Третья проблема более тонкая: и связана с основами логики: классическая логика является логикой первого порядка ; то есть квантификаторы применяются к переменным, представляющим отдельные элементы, а не к переменным, представляющим (бесконечные) множества элементов. Основное свойство полноты действительных чисел , которое требуется для определения и использования действительных чисел, включает квантификацию на бесконечных множествах. Действительно, это свойство может быть выражено либо как для каждой бесконечной последовательности действительных чисел, если это последовательность Коши , она имеет предел, который является действительным числом , либо как каждое подмножество действительных чисел, которое ограничено, имеет наименьшую верхнюю границу , которая является действительным числом . Эта потребность в квантификации на бесконечных множествах является одной из мотиваций развития логик высшего порядка в первой половине 20-го века.
До 19 века было много неудачных попыток вывести постулат о параллельных прямых из других аксиом геометрии.
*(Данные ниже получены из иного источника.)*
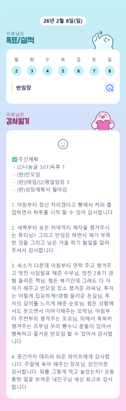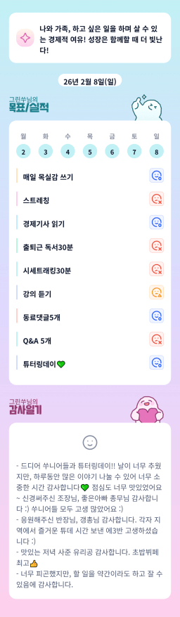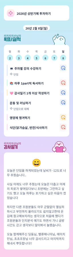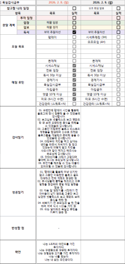 [정의] 2026년 2월 9일 목표, 실적, 감사일기

В попытке доказать, что его отрицание приводит к противоречию, Иоганн Генрих Ламберт (1728–1777) начал строить гиперболическую геометрию , ввел гиперболические функции и вычислил площадь гиперболического треугольника (где сумма углов меньше 180°).
Продолжая построение этой новой геометрии, несколько математиков независимо друг от друга доказали, что если она несовместна , то и евклидова геометрия несовместна, и, таким образом, постулат о параллельных прямых не может быть доказан. Это доказали Николай Лобачевский в 1826 году, Янош Больяи (1802–1860) в 1832 году и Карл Фридрих Гаусс (неопубликовано).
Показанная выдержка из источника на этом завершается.